Последние слова сказаны Вивекенандой в Калькутте… И если он прав — тогда окажется, что мать Тереза приехала поиграться в этот самый нищий и страдающий город мира… Поистине, оккультизм — порождение «всесмехливого ада»[110].
Христианин не согласится с тем, что все в мире есть воплощение Божества, и что крыса и пивная бутылка — это «аватары». Христианин не уровняет свободное и жертвенное воплощение Слова во Христе с неизбежной воплощенностью Брахмана в любом предмете мира.
Христианин не согласится в Голгофском Кресте видеть игру, которую Абсолют спросонок затеял Сам с Собою… Нет, не играясь, не «понарошку» «алчет Господь и жаждет душ наших, словно усталый странник, пока не успокоится и не сотворит обитель в душах наших. Всегда стучит Он, желая войти к нам»[446].
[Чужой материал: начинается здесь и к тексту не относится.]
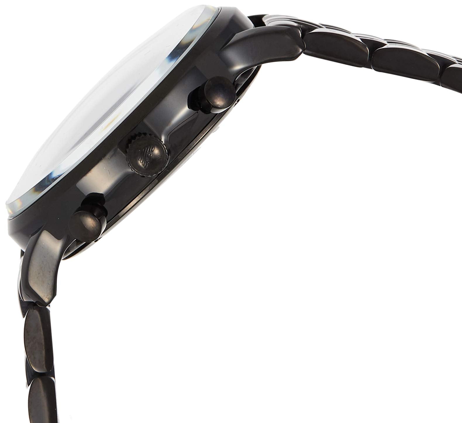 This Emporio Armani Chronograph Black Dial Men's Watch AR1934 comes in a black seven-link bracelet and polished case keep the focus on the stylish black sunray chronograph dial of this watch, accented with silver-tone stick indexes and a date window.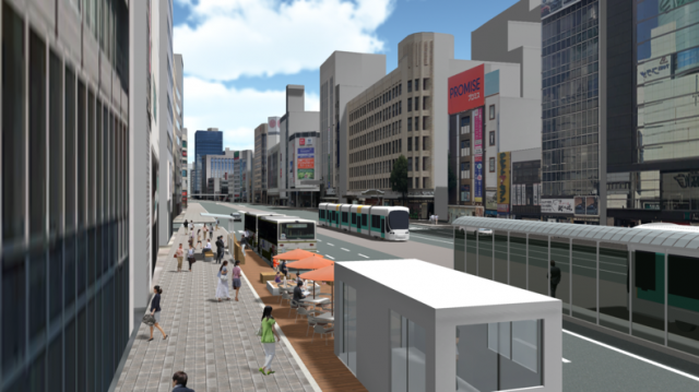 しかもこの潰した車線、広島駅へ向かうバスが大量に走るしバス停もあるんだぜ?イカれてるじゃろ?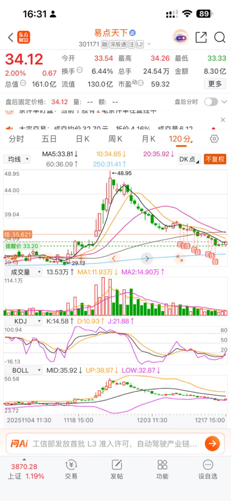 $易点天下(SZ301171)$ 这一波蚂蚁下树的操作连个做T机会都不给,好歹摸下5日线啊……只能躺平装孙子啦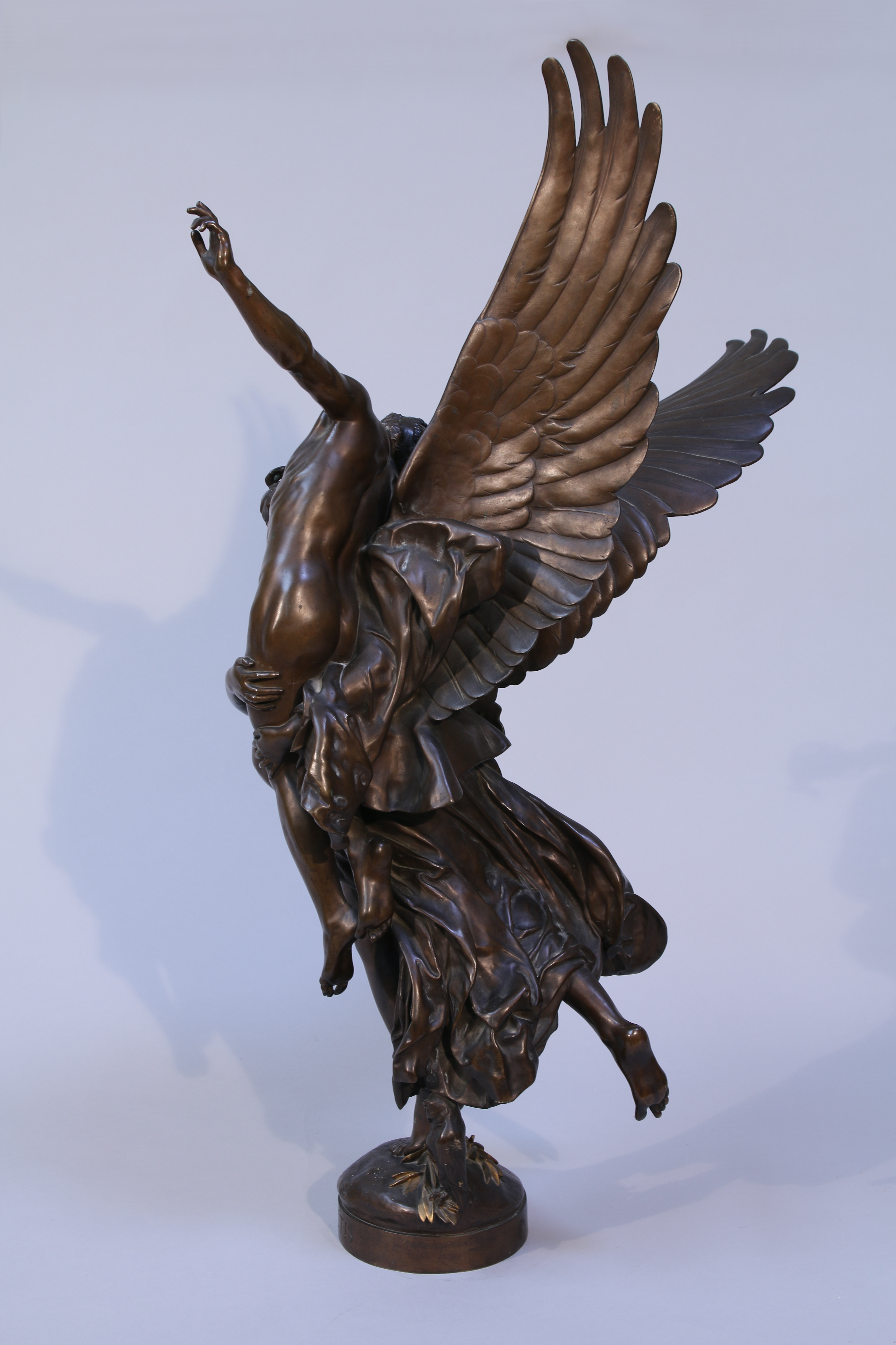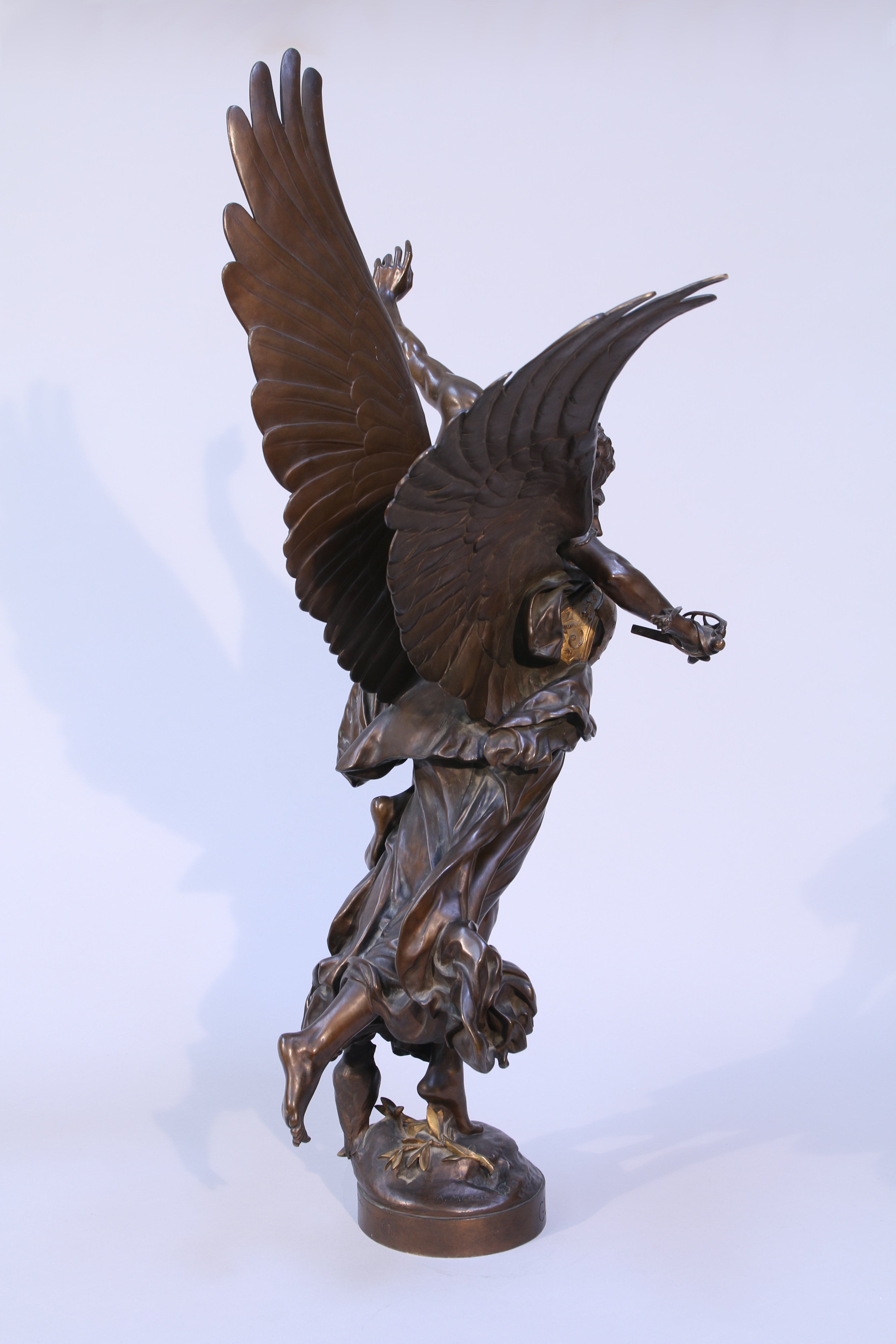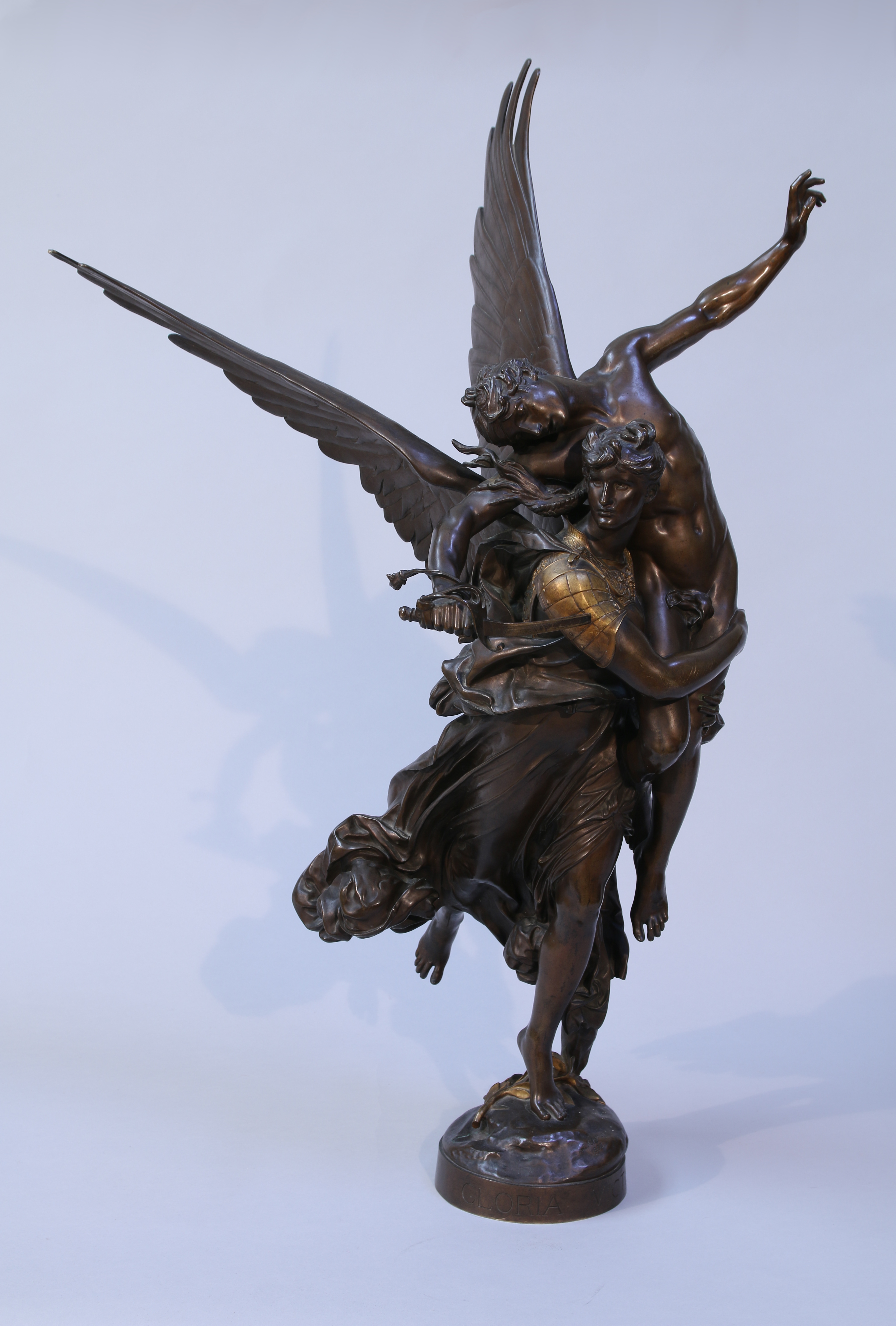 La très belle patine de notre bronze, avec la cuirasse dorée de la victoire ailée, renforce le caractère héroïque du groupe créé par Antonin Mercié lors de son séjour à la villa Médicis en 1871. Après la défaite de 1870, il s'agit de rendre glorieux un épisode tragique en détournant la maxime du chef gaulois Brennus qui avait vaincu Rome. Ce groupe connu un immense succès, le plâtre est acheté par la ville de Paris, qui en tira un bronze monumental exposé au musée du petit Palais. Barbedienne coula, lui, cette remarquable épreuve.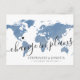 Dusty blue watercolor texture world map destination wedding cancellation, new date, reschedule or postponed postcard with fully editable text so you can explain as much, or as little as you like, and provide a website for guests to check for updates and changes. —— Click CUSTOMIZE FURTHER to move the heart, change the background and text colour, change fonts, or rearrange the whole thing and create your own design using our elegant blue map art. —— Perfect for tropical, beach, island, city, mountain and adventure destination wedding locations all over the world. Check our Paper Grape Destinations Designer Shop Collections for coordinating items.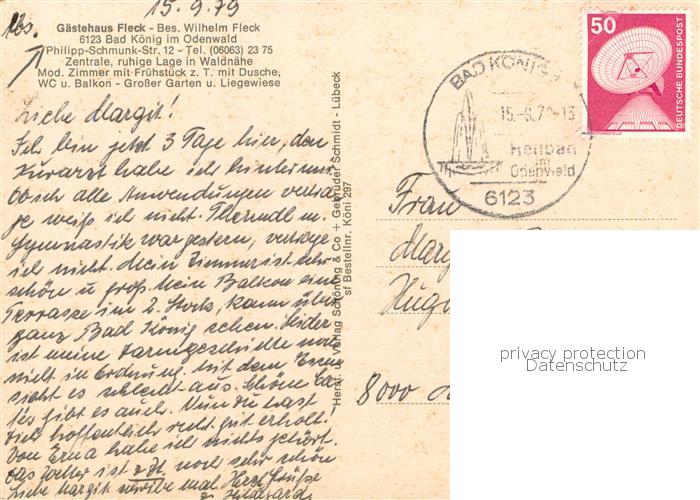 73779844 alte Postkarte Bad Koenig Odenwald Gaestehaus Fleck Wintergarten Garten postalisch gelaufen Erhaltung siehe scans [FriedD77] KatCode: 11110006437001

Нам легко не соглашаться с «игровым» видением страданий Бога и человека. Самые основы нашего мировоззрения не требуют принятия тех выводов, которые все же довольно логичны внутри самого пантеизма. А вот как теософы смогут уйти от тех тупиков, в которые их направляют рельсы пантеизма?
Но оккультисты готовы на любые абсурды — лишь бы не отказать себе в удовольствии считать себя богами. Они готовы отождествлять себя с чем угодно, добровольно уничтожать свою душу и свою личность — лишь бы хоть немного потешиться иллюзией «я — Бог!».
В пантеизме нет сущностной, природной разницы между Абсолютом и человеческой душой. Личность не более чем пузырек, в котором находится та же вода, что и в окружающем ее океане. Пузырек лопнул — воды смешались. Правда, при этом не ставится вопрос о том, а правда ли личность всего лишь пузырек. Теософская пралайя — это место, где просто разбиваются все пузырьки, все бутылочки. Когда затем этот «абсолют» снова «сойдет с ума» и забудет, что он есть такое, в нем закипят новые пузырьки с тем же «абсолютным» содержимым. Но при чем тут человеческое я?
На каком основании душа уподоблена пузырьку воздуха или воды?. Что общего у воды в банке и у души? У воды нет сознания, чувств, свободы, а у души есть.
Если все многообразные грани мира суть различные проявления одной и той же Сущности, если частные индивидуальные разумы — не более чем рябь, вскипающая на поверхности бездонного Океана Вселенского Духа, то свобода человека испаряется как пар. Дух Вселенной мыслит во мне — но не я. Вселенский Разум определяет мои действия является их подлинным субъектом и совершителем — но не я.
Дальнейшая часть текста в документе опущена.